Now with stentorian fanfares two of them ushered in what they shouted was to be a fresh era in pop presentation.

“We’re all terribly excited,” said Cathy McGowan, introducing Ready, Steady Goes Live. “It’s the very first show of its kind where everybody sings live.” If memory serves me right I thought that was what TV used to do before most of Miss McGowan’s audience were actually born.

There was no doubt that something fresh had to be done to Ready, Steady, Go! which had deteriorated disastrously from its early days, when its free-and-easy mingling of artists and audiences had given the show a spontaneity and bounce that appealed triumphantly to the very young.

But of late is anarchic shooting had become an excuse for sloppy directing, its natural studio environment had become a refuge for lazy set designers and cheap budgets, and its gay, lively enthusiasts had diminished into a jumble of spotty faced, frozen gawkers.

Harried into going live by a growing suspicion among audiences that mime merely disguised the incompetence of its performers, Ready, Steady, Go! moved into a larger studio and recruited some prettier girls into the audience.

But apart from discovering two girls who could sing remarkably like Dionne Warwick, it cannot be said that a new millennium in pop programmes was opened up by the renovation.

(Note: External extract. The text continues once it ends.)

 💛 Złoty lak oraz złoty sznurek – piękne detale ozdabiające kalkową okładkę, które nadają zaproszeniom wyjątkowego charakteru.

The problem of singing live proved that only Tom Jones and Miss Warwick could perform as effectively without the help of recording engineers. The actual sound balance of the programme was atrocious, with rhythm beats blotting out melodies and the background noises blurring the singing.

There was chaos in the cueing, with performers caught with their instruments down and egg all over their guitars. “You’ve done it again,” cried Manfred Mann at a bad cue. “Ready, Steady Goes Live. Aspirin sales have doubled!”

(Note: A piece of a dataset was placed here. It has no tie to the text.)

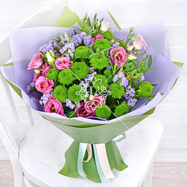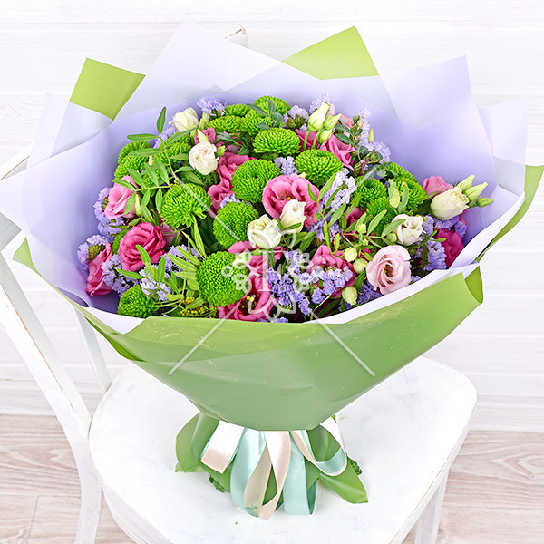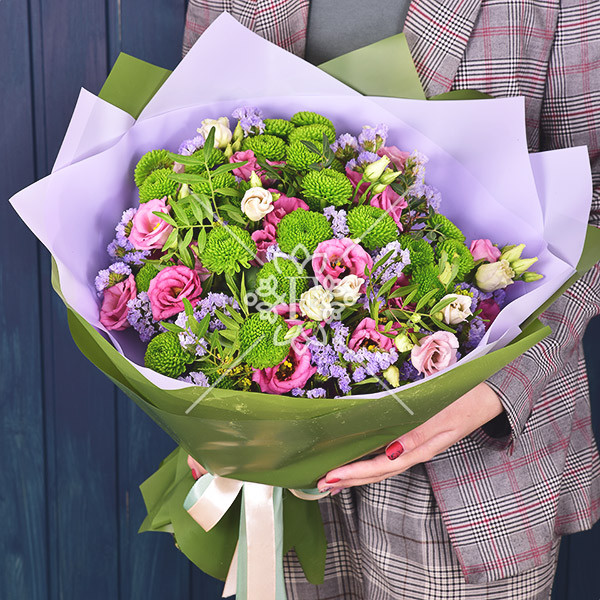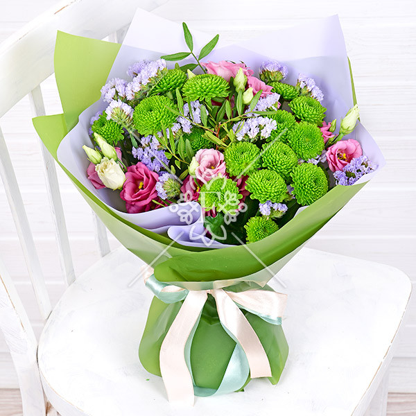 хризантема зеленая кустовая – 2 шт., эустома розовая – 3 шт., статица светло-фиолетовая (фиолетовая) – 1  шт., зелень декоративная (фисташка), упаковка, лента.

A.B.C.’s Thank Your Lucky Stars did much better with its revised show. Getting rid of all the nonsense stunts – audience markings “O’ll give it foive,” extraneous disc jockeys – the acts took place in a well-marked off arena, divorced form the audiences, allowing the lighting effects to play their full part.

Screams

By cutting to the fist-chewing, hysterical screamers in the audience only when it was needed to match the effect of the performers, the viewers at home could get an uncluttered, clean-cut picture of groups like the Beatles, the Animals and the Drifters without interruptions from the stamping fett and waggling behinds of the studio fodder.

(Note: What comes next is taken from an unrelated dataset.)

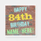 This fun birthday-themed paper napkin design features a message like "HAPPY 84th BIRTHDAY, NAME-HERE!", where the name can be personalized. The background features a representation of a brick wall consisting of some reddish-brown colored bricks. The customizable message text features colors like blue, yellow, and green, and it has an appearance inspired by that of painted graffiti. Napkins like these could perhaps be used at a birthday party for somebody who is celebrating their eighty fourth birthday. [~Z0000271]
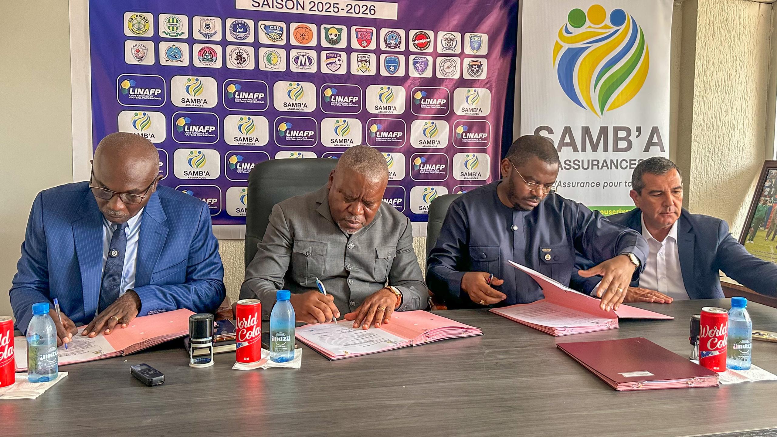 Cette signature faite au siège de la LINAFP sis au centre-ville, s’est déroulée en présence de Brice Mbika Ndjambou, président de la LINAFP, du Dr. Andrew Gwodog, Président Directeur général de Samb’a assurances, ainsi que de Landry Nkeyi, Président de l’association des clubs professionnels de football (ACPF).

I am at a loss, however, to explain the continued tolerance of the B.B.C. for Juke Box Jury. The juxtaposition of close-ups of astigmatic children and square-faced Moms with the sound of the latest records has long since ceased to be of any conceivable visual interest.

The sight of middle-aged people like David Tomlinson, Joan Turner and Catherine Boyle trying to communicate their with-it-ness to a glum-faced, mummified audience is one of the continuing embarrassments on TV.

What conceivable use their judgments are escapes me when last week no fewer than seven out of nine records were solemnly nominated as hits. David Tomlinson, indeed, voted for nine out of nine as hits which, as a standard, would make the turnover in the Top Ten as active as an explosion of jumping beans.

Smashing

This programme, like Ready Steady Go! also tends to correlate pop music with inarticulateness. The vocabulary of Sue Lloyd on Juke Box Jury seemed to be confined chiefly to the words “I love it, I think it’s great.” Cathy McGowan, doing most of the talking in Ready, Steady, Go! announced a “smashing” competition, thanked Manfred Mann for a “smashing” arrangement, said a harmonica player was “smashing” and told us that the four dancing couples we were going to see were – guess what? “smashing.”

And, in addition to doing something about this potential deleterious effect on teenager speech, could the producers of these programmes not be so shamelessly ready to plug any new American star that happens to float into town?

Dionne Warwick, in spite of her undoubted talent, does not deserve a spot on the Eamonn Andrews Show, Ready, Steady, Go!, Thank Your Lucky Stars and Juke Box Judy [sic] in just under ten days.

It would, indeed, be healthier all round if the entire pop world were farm more independent of the public relations men in the record business.